*** Block opens ***

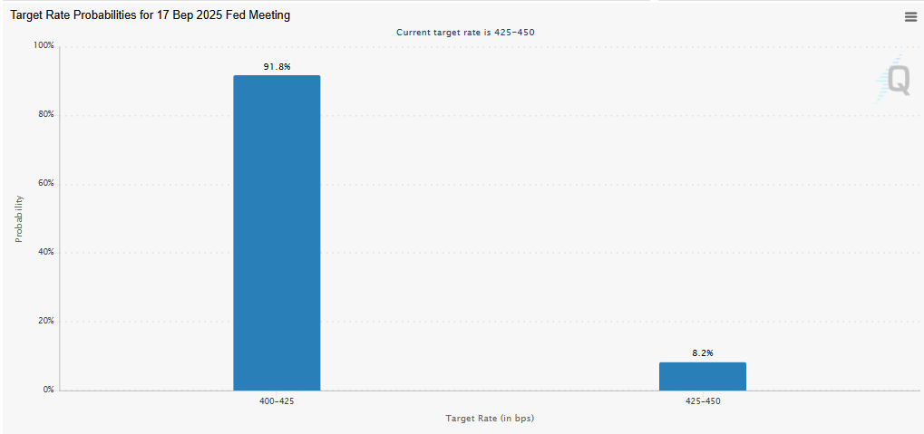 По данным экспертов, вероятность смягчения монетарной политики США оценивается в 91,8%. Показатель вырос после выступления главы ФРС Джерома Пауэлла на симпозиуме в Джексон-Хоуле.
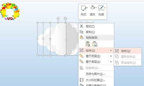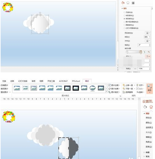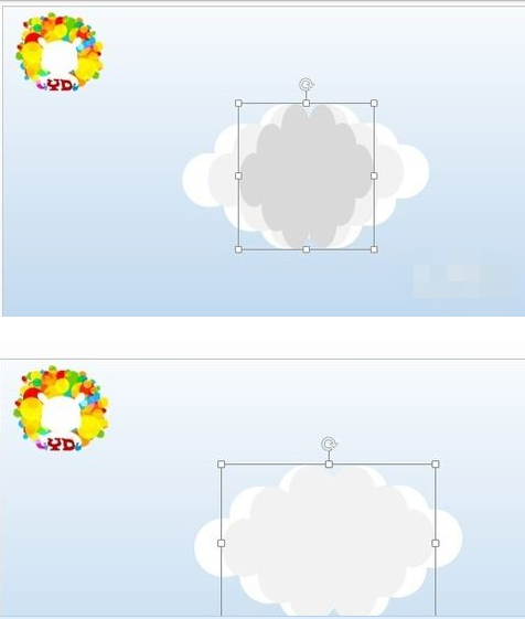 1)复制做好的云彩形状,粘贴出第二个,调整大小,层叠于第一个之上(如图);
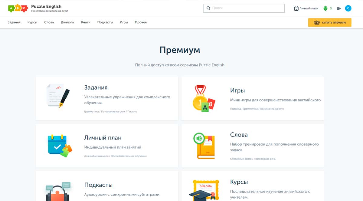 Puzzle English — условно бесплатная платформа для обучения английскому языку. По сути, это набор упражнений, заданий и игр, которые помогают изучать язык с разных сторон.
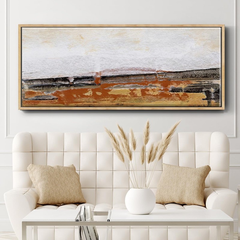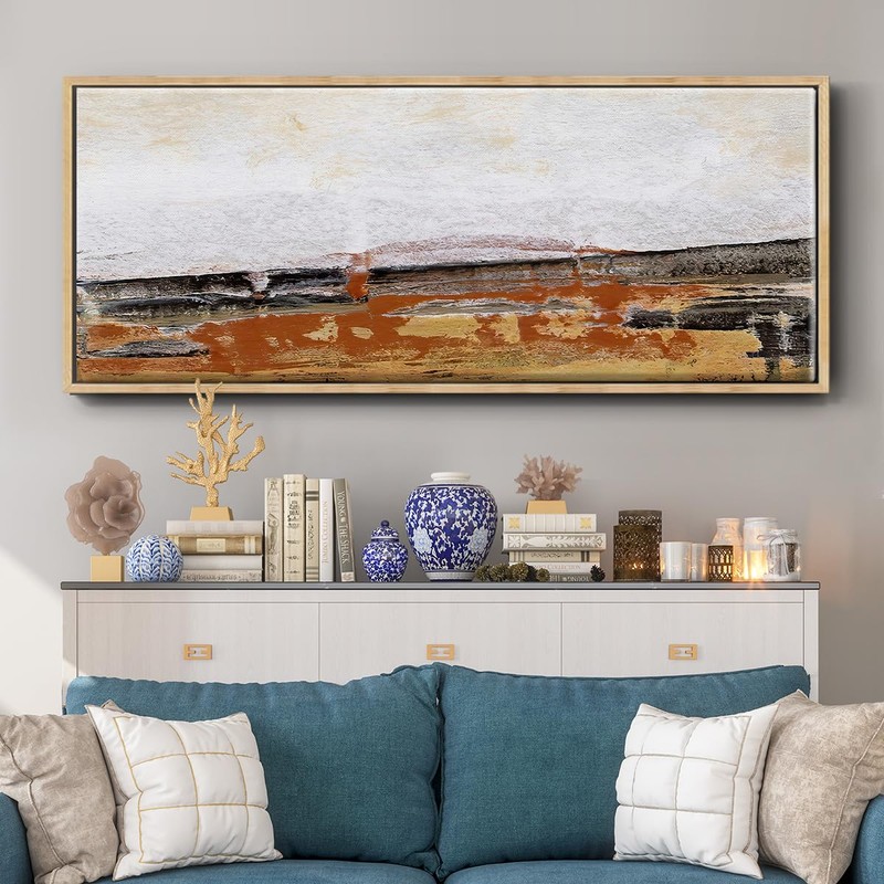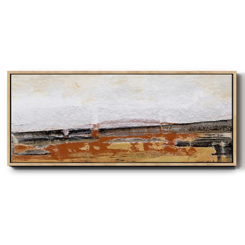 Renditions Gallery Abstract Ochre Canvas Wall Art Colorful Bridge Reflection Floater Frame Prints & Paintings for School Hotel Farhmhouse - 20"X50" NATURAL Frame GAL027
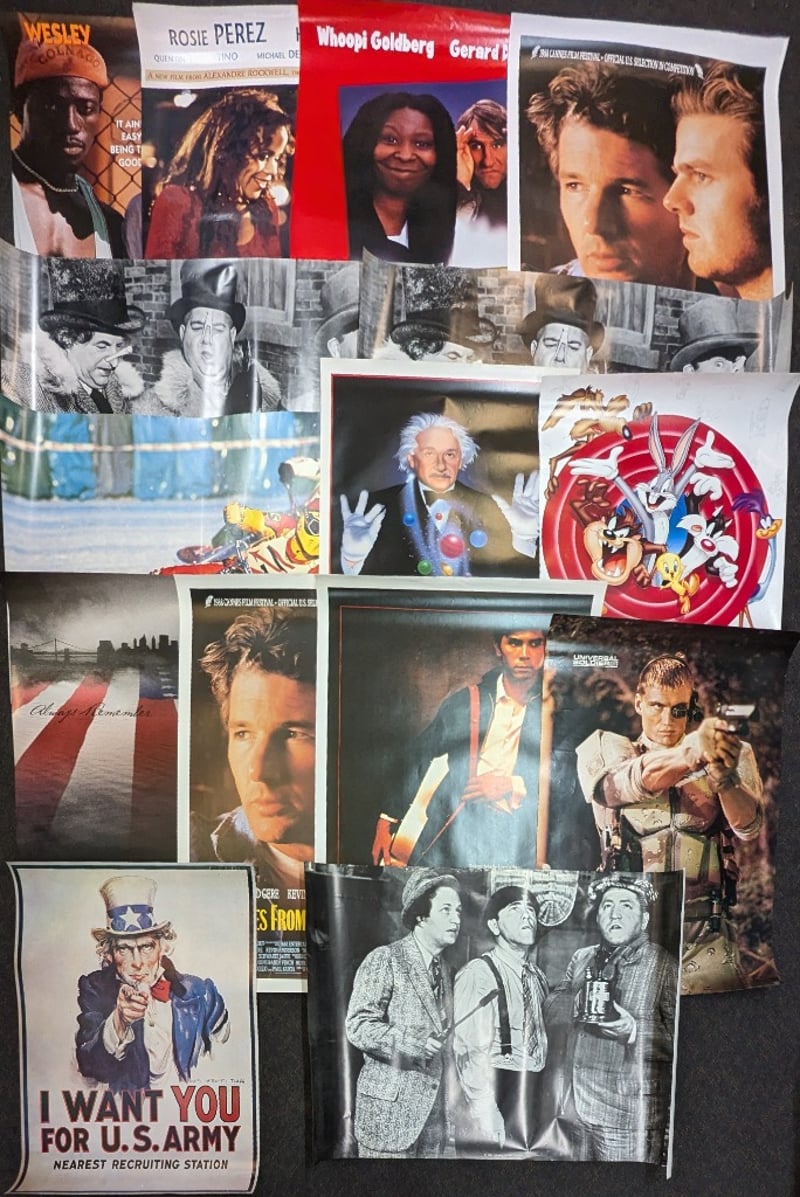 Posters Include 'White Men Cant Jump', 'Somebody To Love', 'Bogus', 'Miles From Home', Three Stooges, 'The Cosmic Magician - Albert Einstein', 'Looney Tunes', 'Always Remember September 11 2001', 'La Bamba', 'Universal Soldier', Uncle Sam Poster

*** Block closes ***
*** Block opens ***

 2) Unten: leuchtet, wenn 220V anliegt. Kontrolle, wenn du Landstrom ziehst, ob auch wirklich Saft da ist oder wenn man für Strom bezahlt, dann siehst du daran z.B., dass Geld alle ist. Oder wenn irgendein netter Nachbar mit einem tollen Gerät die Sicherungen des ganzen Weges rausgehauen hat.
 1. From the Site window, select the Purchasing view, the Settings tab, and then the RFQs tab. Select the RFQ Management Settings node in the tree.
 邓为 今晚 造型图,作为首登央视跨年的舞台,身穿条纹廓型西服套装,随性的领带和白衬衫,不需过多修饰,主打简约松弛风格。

*** Block closes ***
*** Block opens ***

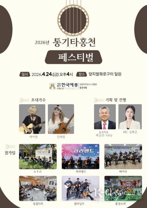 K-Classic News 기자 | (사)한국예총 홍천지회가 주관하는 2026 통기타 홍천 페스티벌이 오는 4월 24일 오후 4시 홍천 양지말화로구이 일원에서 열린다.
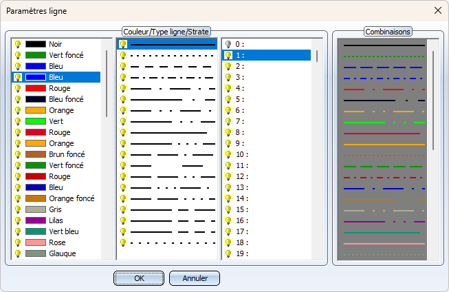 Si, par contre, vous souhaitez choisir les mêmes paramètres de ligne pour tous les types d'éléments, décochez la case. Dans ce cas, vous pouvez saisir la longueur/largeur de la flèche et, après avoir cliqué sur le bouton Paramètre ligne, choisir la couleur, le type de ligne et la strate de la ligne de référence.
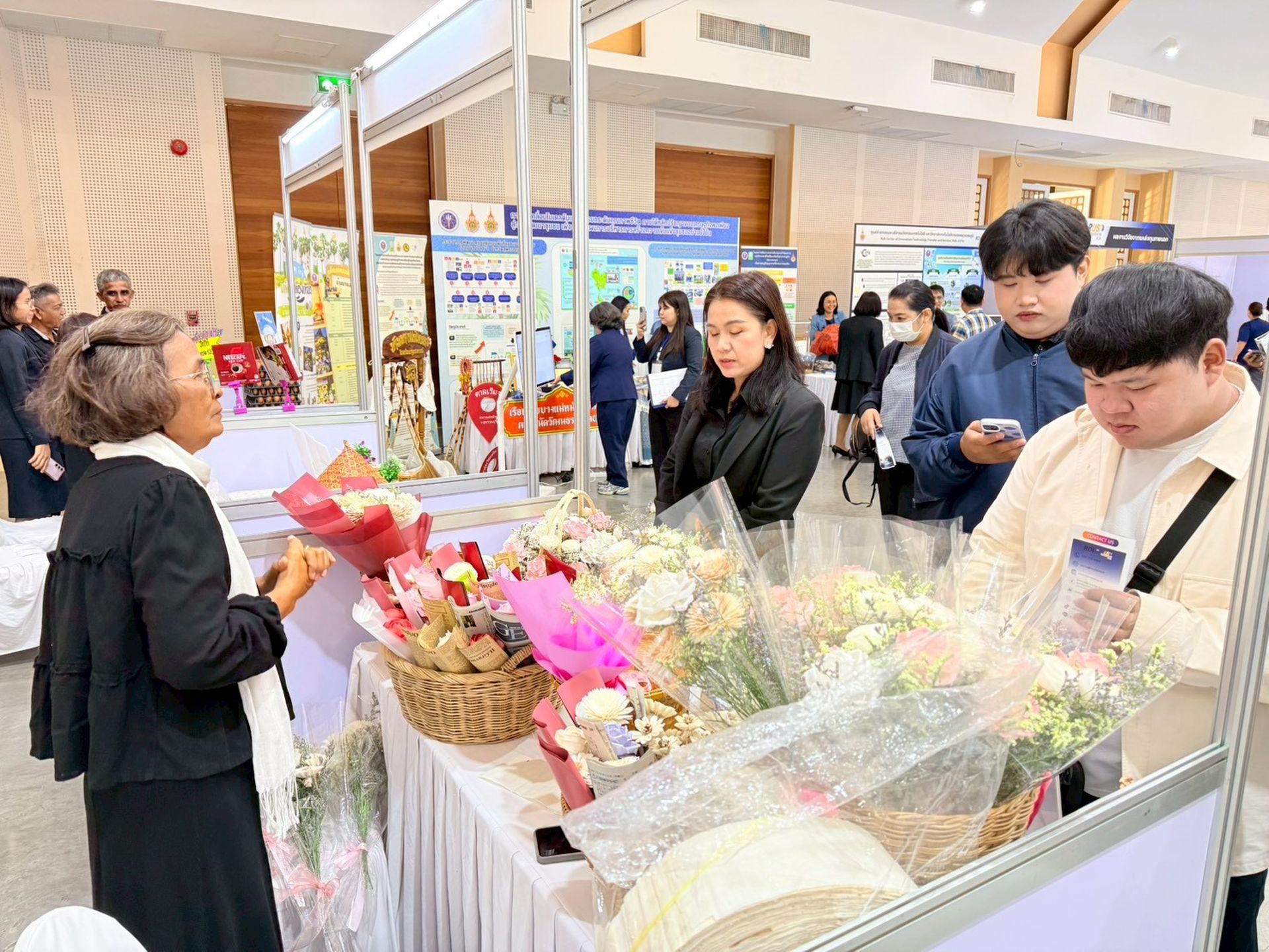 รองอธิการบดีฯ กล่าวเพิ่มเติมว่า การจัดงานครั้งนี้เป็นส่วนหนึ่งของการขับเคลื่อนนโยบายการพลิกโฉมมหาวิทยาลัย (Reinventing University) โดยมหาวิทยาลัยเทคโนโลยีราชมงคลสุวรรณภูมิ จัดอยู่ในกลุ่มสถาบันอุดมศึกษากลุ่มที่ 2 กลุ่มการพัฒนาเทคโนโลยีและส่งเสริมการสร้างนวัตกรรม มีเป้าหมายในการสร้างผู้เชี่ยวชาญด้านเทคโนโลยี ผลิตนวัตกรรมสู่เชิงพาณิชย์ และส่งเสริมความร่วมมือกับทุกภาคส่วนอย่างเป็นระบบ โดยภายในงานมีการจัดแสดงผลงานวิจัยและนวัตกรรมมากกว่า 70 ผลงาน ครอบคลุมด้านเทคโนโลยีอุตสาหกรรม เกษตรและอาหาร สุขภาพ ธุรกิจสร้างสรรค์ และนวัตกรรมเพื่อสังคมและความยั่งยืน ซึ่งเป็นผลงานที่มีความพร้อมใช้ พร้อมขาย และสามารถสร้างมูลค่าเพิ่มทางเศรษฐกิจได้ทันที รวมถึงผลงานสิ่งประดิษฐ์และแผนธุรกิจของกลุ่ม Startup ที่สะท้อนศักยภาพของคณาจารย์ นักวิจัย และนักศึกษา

*** Block closes ***

▶ TASK TO COMPLETE: Of all the entries above, retype exactly the lines from the line with "1. From the" to the line with "邓为 今晚 造型图,作为首登央视跨年的舞台,身穿条纹廓型西服套装,随性的领带和白衬衫,不需过多修饰,主打简约松弛风格。", both included, and no others.

▶ OUTPUT OF THE EXERCISE:
 1. From the Site window, select the Purchasing view, the Settings tab, and then the RFQs tab. Select the RFQ Management Settings node in the tree.
 邓为 今晚 造型图,作为首登央视跨年的舞台,身穿条纹廓型西服套装,随性的领带和白衬衫,不需过多修饰,主打简约松弛风格。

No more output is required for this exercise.